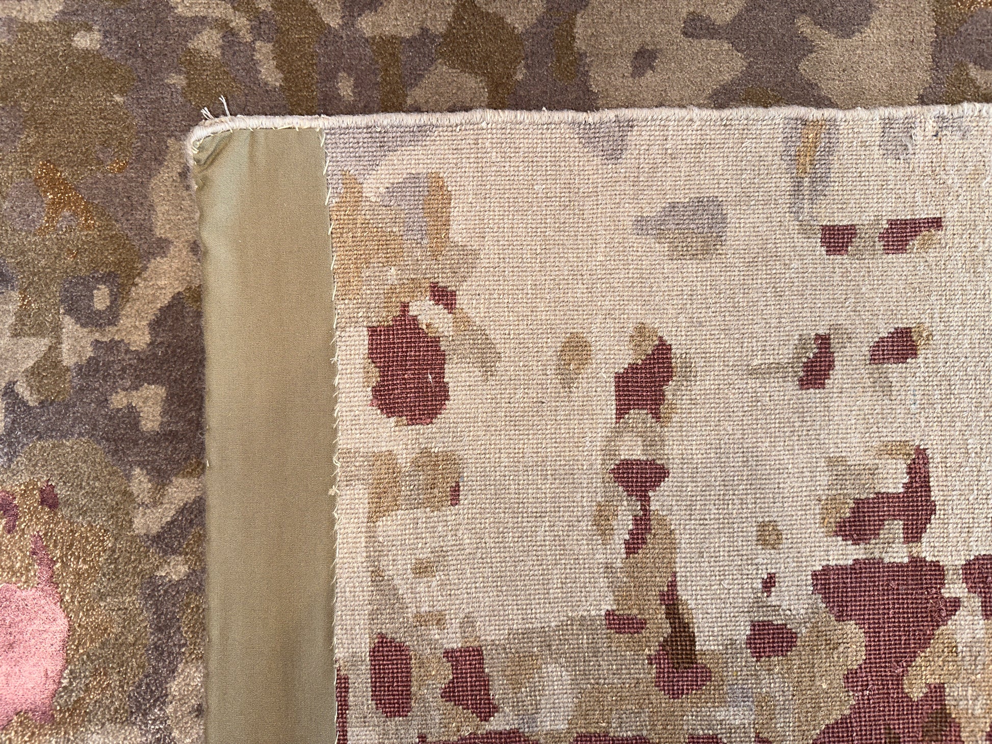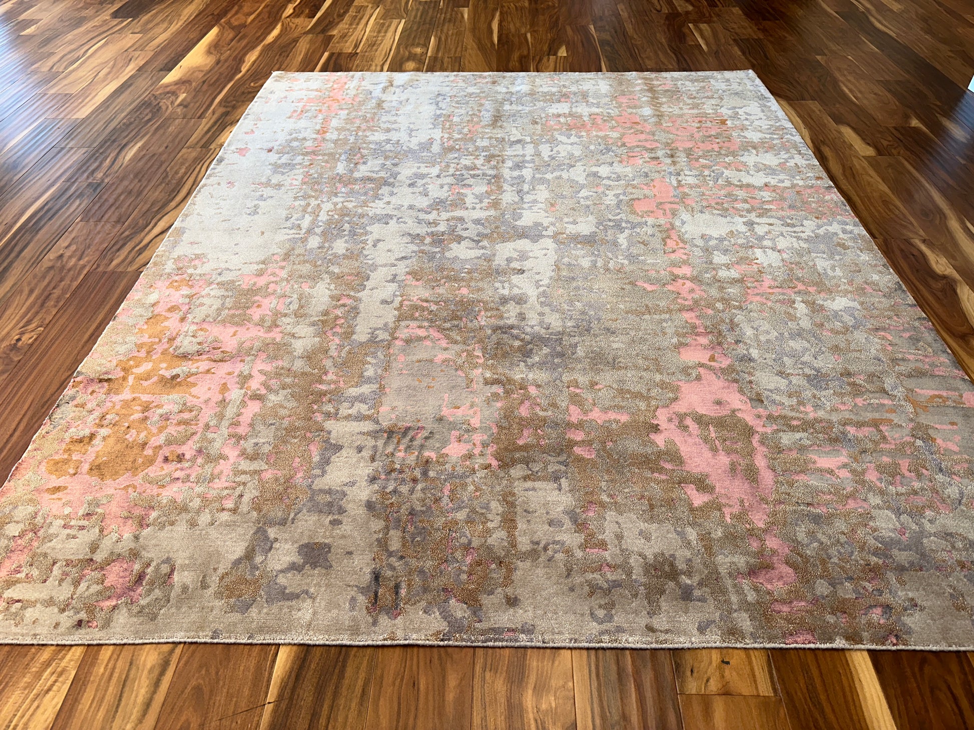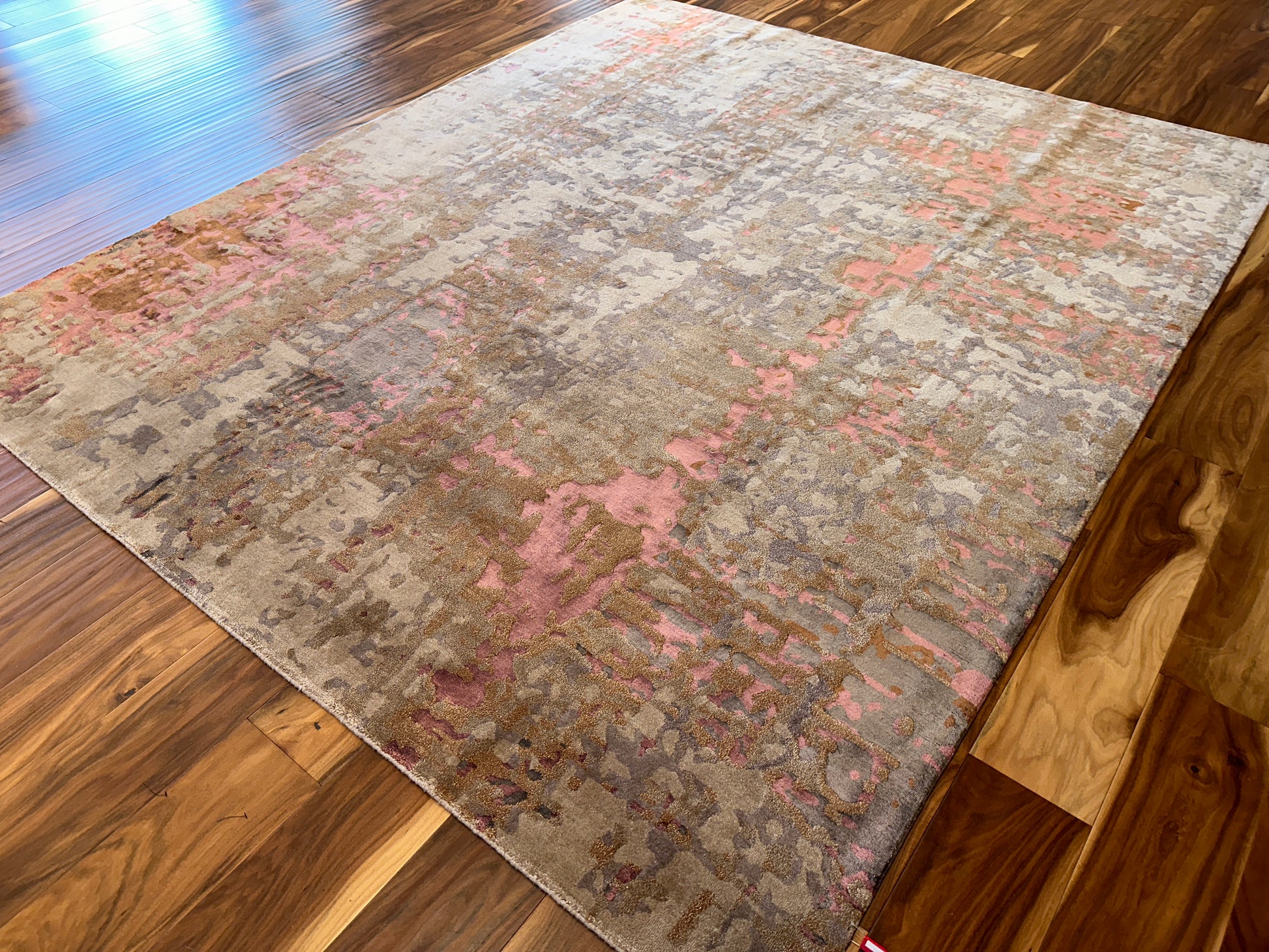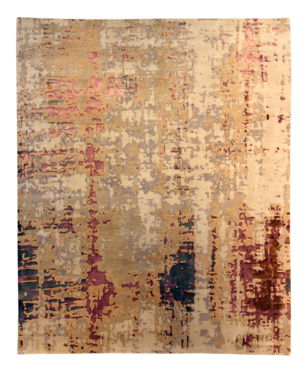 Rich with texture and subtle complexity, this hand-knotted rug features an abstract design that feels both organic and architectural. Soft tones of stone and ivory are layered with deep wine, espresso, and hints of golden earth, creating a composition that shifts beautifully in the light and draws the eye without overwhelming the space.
...
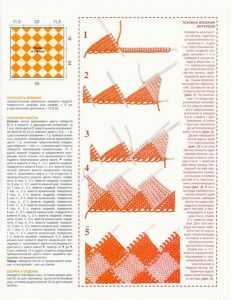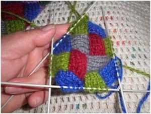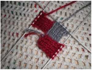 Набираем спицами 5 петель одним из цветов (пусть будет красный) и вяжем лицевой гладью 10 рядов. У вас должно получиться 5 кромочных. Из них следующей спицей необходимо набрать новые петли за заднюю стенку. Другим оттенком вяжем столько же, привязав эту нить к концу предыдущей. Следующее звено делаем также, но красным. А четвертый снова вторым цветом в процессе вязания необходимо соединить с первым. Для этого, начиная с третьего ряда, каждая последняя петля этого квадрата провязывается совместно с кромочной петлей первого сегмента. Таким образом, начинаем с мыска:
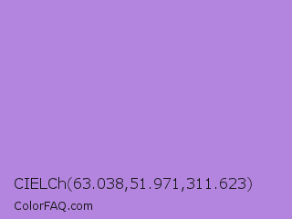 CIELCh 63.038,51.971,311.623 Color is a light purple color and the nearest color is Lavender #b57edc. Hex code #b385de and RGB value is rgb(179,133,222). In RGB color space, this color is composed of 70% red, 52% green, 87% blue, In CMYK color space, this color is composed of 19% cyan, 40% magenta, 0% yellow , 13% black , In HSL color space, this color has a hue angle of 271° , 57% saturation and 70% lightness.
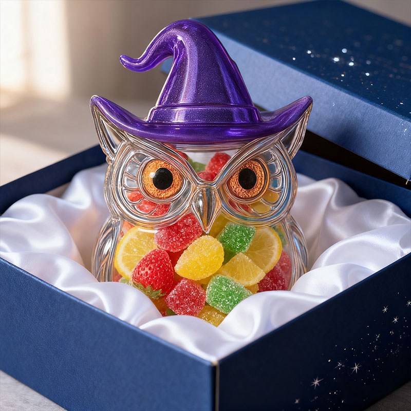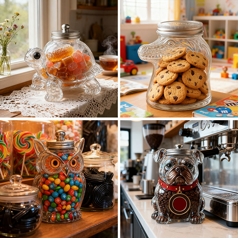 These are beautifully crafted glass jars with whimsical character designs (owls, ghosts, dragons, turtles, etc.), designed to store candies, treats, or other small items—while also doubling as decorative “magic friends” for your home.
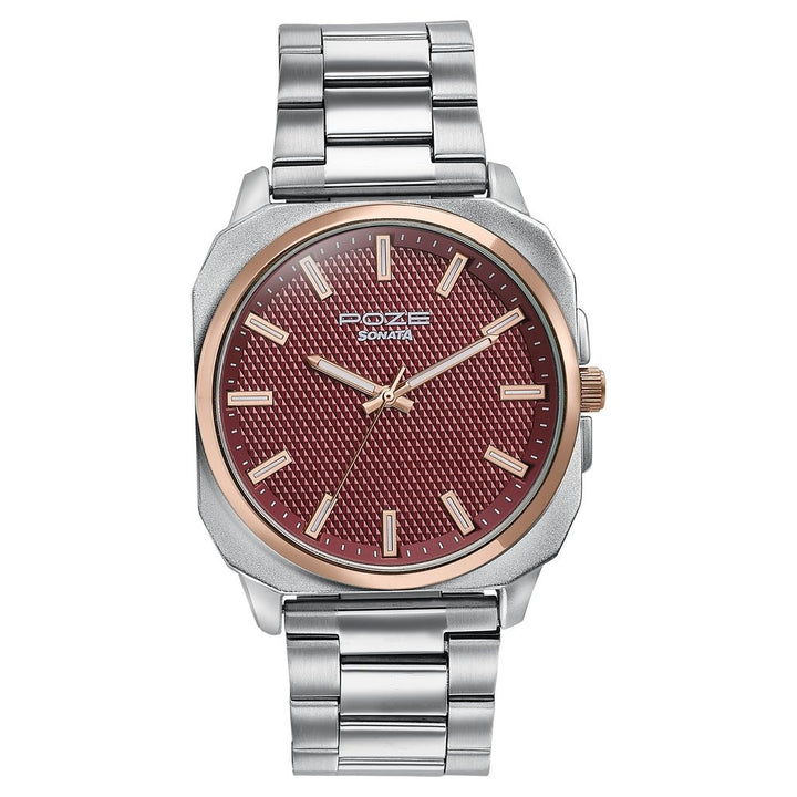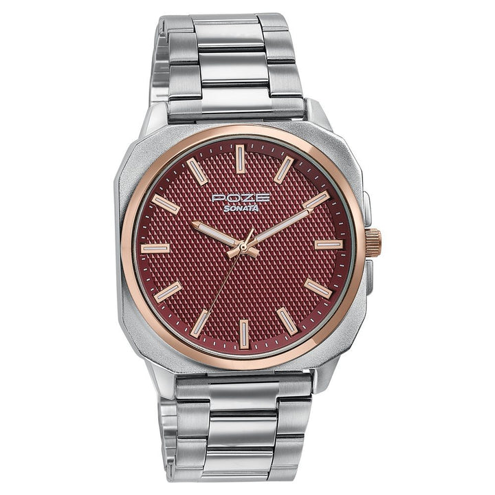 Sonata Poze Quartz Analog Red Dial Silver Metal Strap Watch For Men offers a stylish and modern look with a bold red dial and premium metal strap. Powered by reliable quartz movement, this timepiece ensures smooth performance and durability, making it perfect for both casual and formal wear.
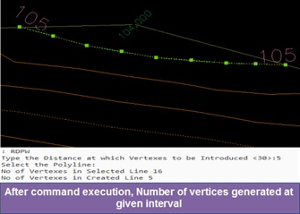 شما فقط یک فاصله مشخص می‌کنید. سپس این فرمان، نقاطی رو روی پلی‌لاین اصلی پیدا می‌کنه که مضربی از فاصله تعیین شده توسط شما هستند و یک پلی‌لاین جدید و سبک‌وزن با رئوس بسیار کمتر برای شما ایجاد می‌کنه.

Activity: Repeat, without pictures, exactly the lines of the data above from the one containing "CIELCh 63.038,51.971,311.623 Color" through the one containing "شما فقط یک فاصله", including both and adding nothing.

Exercise solution:
 CIELCh 63.038,51.971,311.623 Color is a light purple color and the nearest color is Lavender #b57edc. Hex code #b385de and RGB value is rgb(179,133,222). In RGB color space, this color is composed of 70% red, 52% green, 87% blue, In CMYK color space, this color is composed of 19% cyan, 40% magenta, 0% yellow , 13% black , In HSL color space, this color has a hue angle of 271° , 57% saturation and 70% lightness.
 These are beautifully crafted glass jars with whimsical character designs (owls, ghosts, dragons, turtles, etc.), designed to store candies, treats, or other small items—while also doubling as decorative “magic friends” for your home.
 Sonata Poze Quartz Analog Red Dial Silver Metal Strap Watch For Men offers a stylish and modern look with a bold red dial and premium metal strap. Powered by reliable quartz movement, this timepiece ensures smooth performance and durability, making it perfect for both casual and formal wear.
 شما فقط یک فاصله مشخص می‌کنید. سپس این فرمان، نقاطی رو روی پلی‌لاین اصلی پیدا می‌کنه که مضربی از فاصله تعیین شده توسط شما هستند و یک پلی‌لاین جدید و سبک‌وزن با رئوس بسیار کمتر برای شما ایجاد می‌کنه.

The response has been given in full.